[What needs to be done]: Word for word, repeat the data that follows. Do not include the pictures.

[Data provided]:
__________

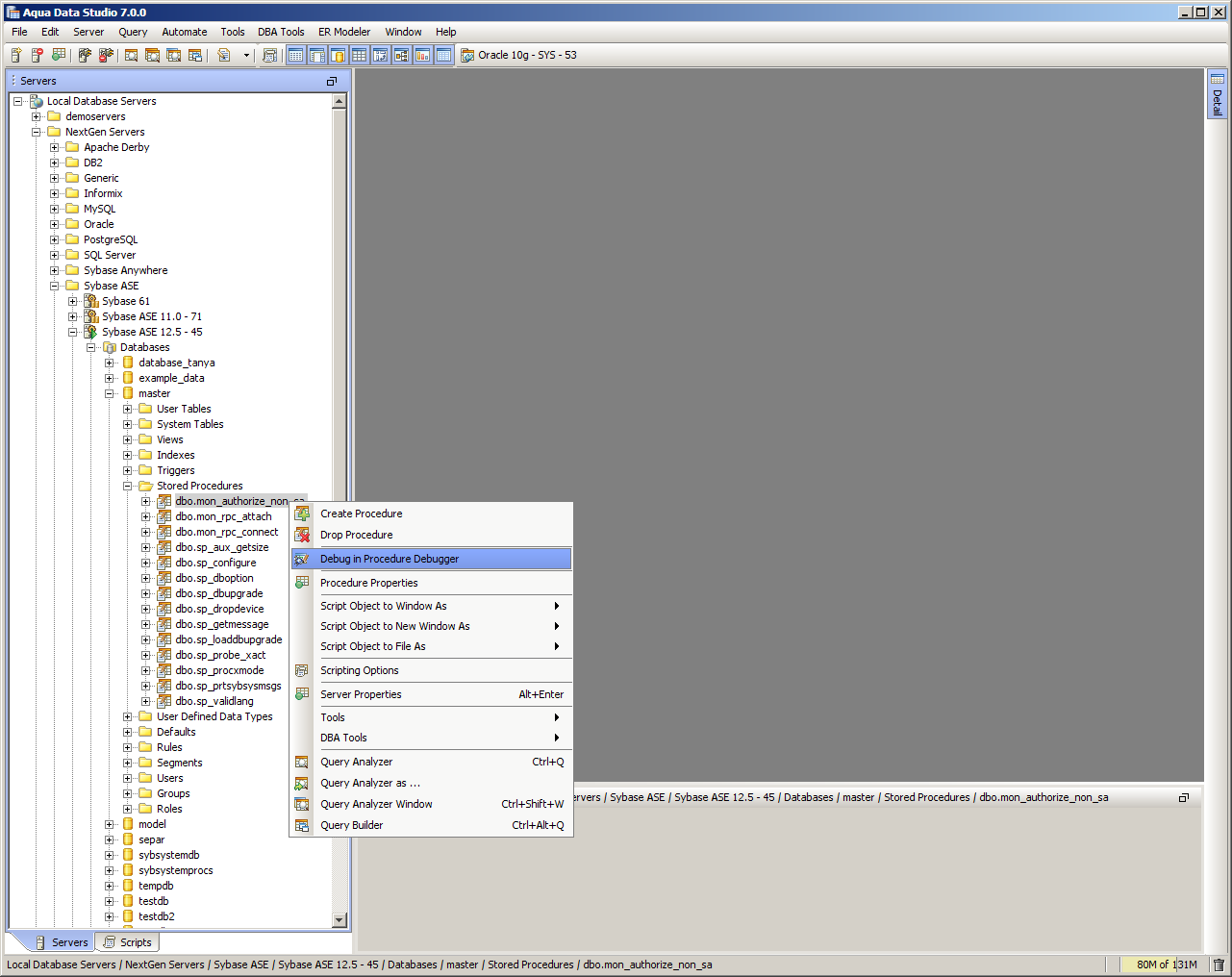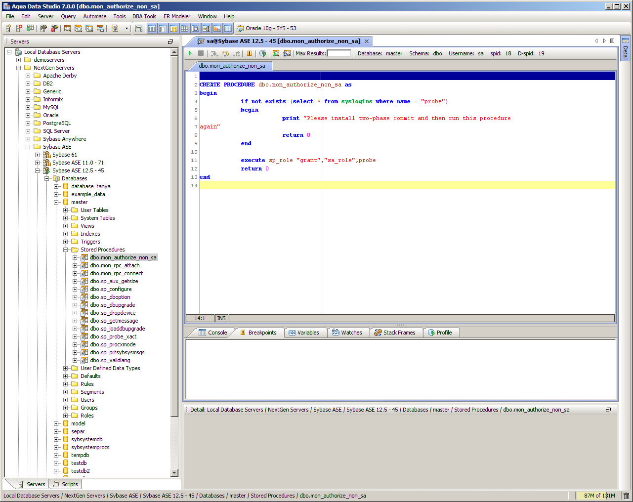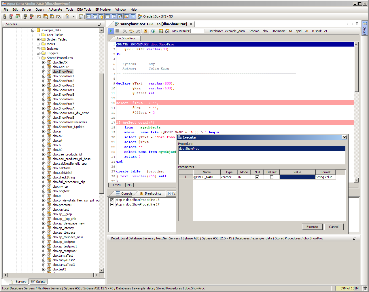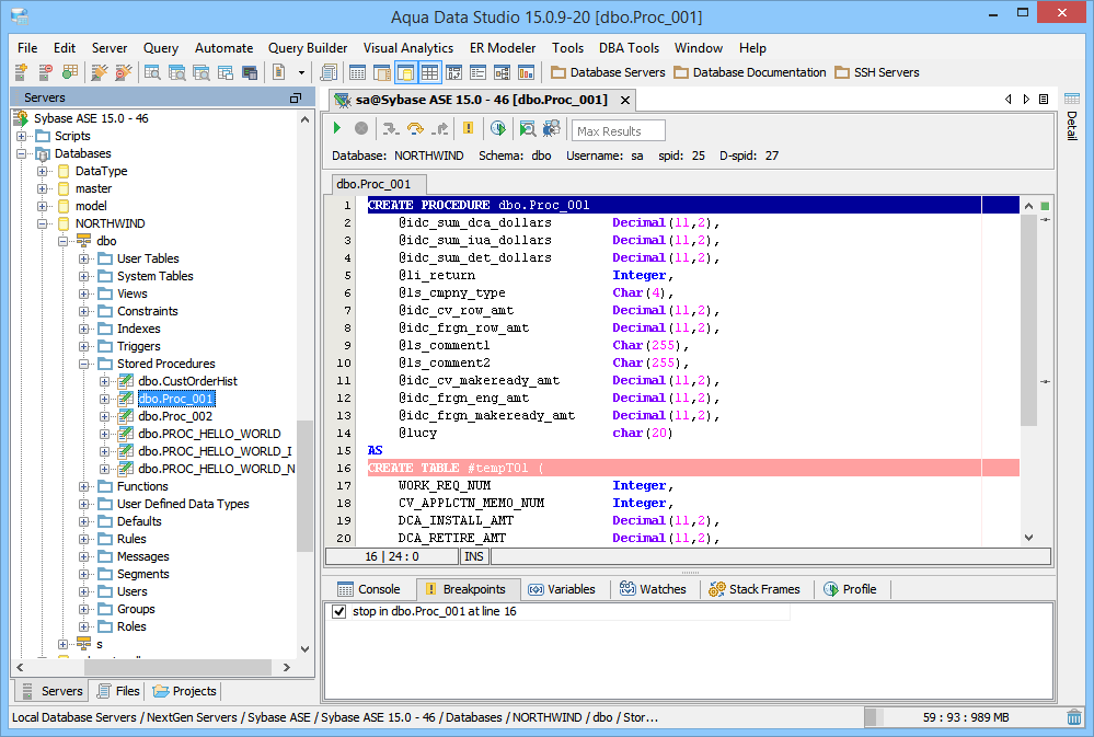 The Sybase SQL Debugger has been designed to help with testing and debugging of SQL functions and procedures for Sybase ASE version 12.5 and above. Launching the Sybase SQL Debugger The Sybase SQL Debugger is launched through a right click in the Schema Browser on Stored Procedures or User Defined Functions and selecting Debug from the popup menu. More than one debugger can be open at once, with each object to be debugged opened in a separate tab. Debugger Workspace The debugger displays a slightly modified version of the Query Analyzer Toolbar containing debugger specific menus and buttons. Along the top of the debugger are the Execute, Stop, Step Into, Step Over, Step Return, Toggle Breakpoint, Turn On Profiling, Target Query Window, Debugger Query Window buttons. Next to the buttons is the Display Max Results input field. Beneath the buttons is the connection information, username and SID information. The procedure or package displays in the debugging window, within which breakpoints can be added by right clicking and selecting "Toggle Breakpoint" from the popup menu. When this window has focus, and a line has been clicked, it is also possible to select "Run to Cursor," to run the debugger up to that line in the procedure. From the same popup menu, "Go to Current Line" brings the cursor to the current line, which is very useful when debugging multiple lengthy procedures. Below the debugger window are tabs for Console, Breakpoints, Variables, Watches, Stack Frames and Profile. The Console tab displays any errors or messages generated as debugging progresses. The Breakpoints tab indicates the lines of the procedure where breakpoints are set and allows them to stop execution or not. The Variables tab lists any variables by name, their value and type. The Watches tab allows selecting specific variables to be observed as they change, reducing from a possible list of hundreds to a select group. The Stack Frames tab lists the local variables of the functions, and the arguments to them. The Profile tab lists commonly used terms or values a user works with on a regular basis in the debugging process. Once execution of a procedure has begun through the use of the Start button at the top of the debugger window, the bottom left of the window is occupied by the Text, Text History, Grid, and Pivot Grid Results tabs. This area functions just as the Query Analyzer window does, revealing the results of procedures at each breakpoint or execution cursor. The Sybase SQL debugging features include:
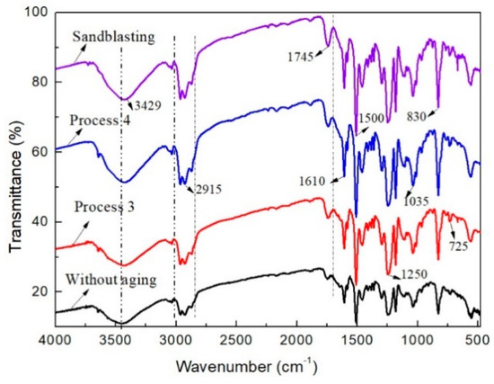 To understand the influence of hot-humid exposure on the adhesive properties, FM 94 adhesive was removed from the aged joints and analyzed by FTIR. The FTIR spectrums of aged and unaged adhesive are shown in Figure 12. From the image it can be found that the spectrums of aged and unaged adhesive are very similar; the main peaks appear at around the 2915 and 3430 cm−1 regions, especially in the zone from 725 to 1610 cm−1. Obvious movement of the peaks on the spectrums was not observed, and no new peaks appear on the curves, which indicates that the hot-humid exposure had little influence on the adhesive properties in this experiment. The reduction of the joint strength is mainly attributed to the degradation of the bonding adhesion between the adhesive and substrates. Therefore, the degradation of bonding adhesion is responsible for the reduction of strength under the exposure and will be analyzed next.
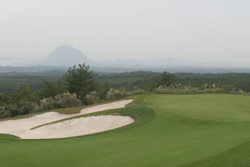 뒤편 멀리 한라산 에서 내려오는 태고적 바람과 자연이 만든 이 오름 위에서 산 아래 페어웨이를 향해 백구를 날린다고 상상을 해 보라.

__________

[Answer]:
 The Sybase SQL Debugger has been designed to help with testing and debugging of SQL functions and procedures for Sybase ASE version 12.5 and above. Launching the Sybase SQL Debugger The Sybase SQL Debugger is launched through a right click in the Schema Browser on Stored Procedures or User Defined Functions and selecting Debug from the popup menu. More than one debugger can be open at once, with each object to be debugged opened in a separate tab. Debugger Workspace The debugger displays a slightly modified version of the Query Analyzer Toolbar containing debugger specific menus and buttons. Along the top of the debugger are the Execute, Stop, Step Into, Step Over, Step Return, Toggle Breakpoint, Turn On Profiling, Target Query Window, Debugger Query Window buttons. Next to the buttons is the Display Max Results input field. Beneath the buttons is the connection information, username and SID information. The procedure or package displays in the debugging window, within which breakpoints can be added by right clicking and selecting "Toggle Breakpoint" from the popup menu. When this window has focus, and a line has been clicked, it is also possible to select "Run to Cursor," to run the debugger up to that line in the procedure. From the same popup menu, "Go to Current Line" brings the cursor to the current line, which is very useful when debugging multiple lengthy procedures. Below the debugger window are tabs for Console, Breakpoints, Variables, Watches, Stack Frames and Profile. The Console tab displays any errors or messages generated as debugging progresses. The Breakpoints tab indicates the lines of the procedure where breakpoints are set and allows them to stop execution or not. The Variables tab lists any variables by name, their value and type. The Watches tab allows selecting specific variables to be observed as they change, reducing from a possible list of hundreds to a select group. The Stack Frames tab lists the local variables of the functions, and the arguments to them. The Profile tab lists commonly used terms or values a user works with on a regular basis in the debugging process. Once execution of a procedure has begun through the use of the Start button at the top of the debugger window, the bottom left of the window is occupied by the Text, Text History, Grid, and Pivot Grid Results tabs. This area functions just as the Query Analyzer window does, revealing the results of procedures at each breakpoint or execution cursor. The Sybase SQL debugging features include:
 To understand the influence of hot-humid exposure on the adhesive properties, FM 94 adhesive was removed from the aged joints and analyzed by FTIR. The FTIR spectrums of aged and unaged adhesive are shown in Figure 12. From the image it can be found that the spectrums of aged and unaged adhesive are very similar; the main peaks appear at around the 2915 and 3430 cm−1 regions, especially in the zone from 725 to 1610 cm−1. Obvious movement of the peaks on the spectrums was not observed, and no new peaks appear on the curves, which indicates that the hot-humid exposure had little influence on the adhesive properties in this experiment. The reduction of the joint strength is mainly attributed to the degradation of the bonding adhesion between the adhesive and substrates. Therefore, the degradation of bonding adhesion is responsible for the reduction of strength under the exposure and will be analyzed next.
 뒤편 멀리 한라산 에서 내려오는 태고적 바람과 자연이 만든 이 오름 위에서 산 아래 페어웨이를 향해 백구를 날린다고 상상을 해 보라.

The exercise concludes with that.